— EXERCISE PROMPT —
Nothing but the lines from the first line of the material below through the line that holds "Книга очень необычна, и" should be set down, exactly and with pictures left out.

— DATA BELOW —
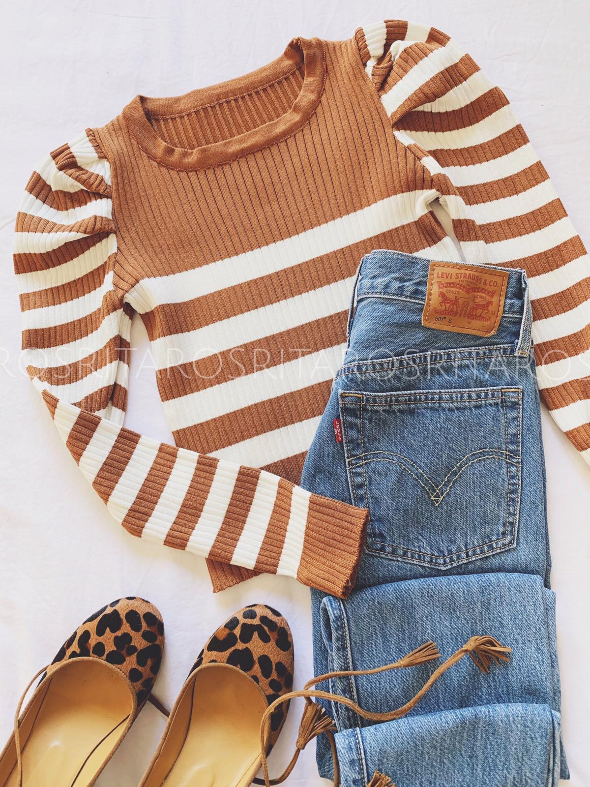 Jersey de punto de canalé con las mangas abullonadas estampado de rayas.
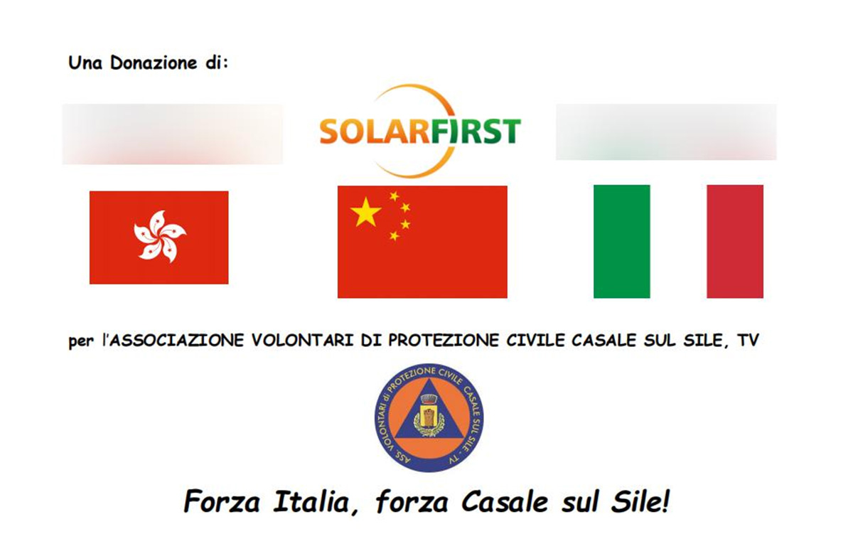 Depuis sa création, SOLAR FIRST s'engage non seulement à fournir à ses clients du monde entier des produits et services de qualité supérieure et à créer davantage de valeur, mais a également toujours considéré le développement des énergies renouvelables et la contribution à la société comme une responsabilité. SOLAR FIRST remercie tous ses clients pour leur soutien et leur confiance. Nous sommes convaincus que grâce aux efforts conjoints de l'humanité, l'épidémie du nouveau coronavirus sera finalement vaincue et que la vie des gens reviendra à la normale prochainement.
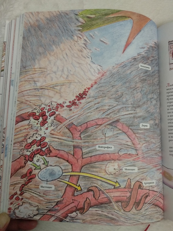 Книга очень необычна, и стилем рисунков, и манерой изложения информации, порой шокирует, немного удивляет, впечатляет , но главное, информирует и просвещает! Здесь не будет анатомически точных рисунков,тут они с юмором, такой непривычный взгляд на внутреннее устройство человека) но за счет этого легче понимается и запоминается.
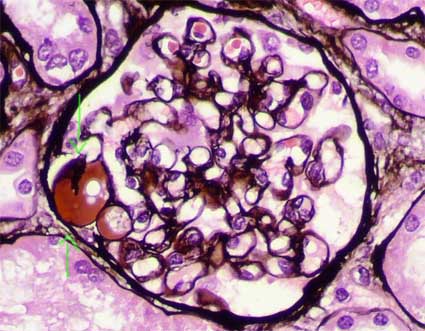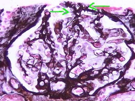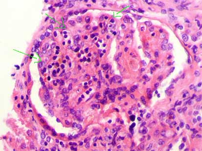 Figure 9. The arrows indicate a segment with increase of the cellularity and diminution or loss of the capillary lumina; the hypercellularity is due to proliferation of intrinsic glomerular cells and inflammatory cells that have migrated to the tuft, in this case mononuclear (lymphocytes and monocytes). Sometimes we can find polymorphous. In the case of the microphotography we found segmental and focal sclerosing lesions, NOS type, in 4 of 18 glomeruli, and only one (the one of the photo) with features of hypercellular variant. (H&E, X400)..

— WRITTEN ANSWER —
 Jersey de punto de canalé con las mangas abullonadas estampado de rayas.
 Depuis sa création, SOLAR FIRST s'engage non seulement à fournir à ses clients du monde entier des produits et services de qualité supérieure et à créer davantage de valeur, mais a également toujours considéré le développement des énergies renouvelables et la contribution à la société comme une responsabilité. SOLAR FIRST remercie tous ses clients pour leur soutien et leur confiance. Nous sommes convaincus que grâce aux efforts conjoints de l'humanité, l'épidémie du nouveau coronavirus sera finalement vaincue et que la vie des gens reviendra à la normale prochainement.
 Книга очень необычна, и стилем рисунков, и манерой изложения информации, порой шокирует, немного удивляет, впечатляет , но главное, информирует и просвещает! Здесь не будет анатомически точных рисунков,тут они с юмором, такой непривычный взгляд на внутреннее устройство человека) но за счет этого легче понимается и запоминается.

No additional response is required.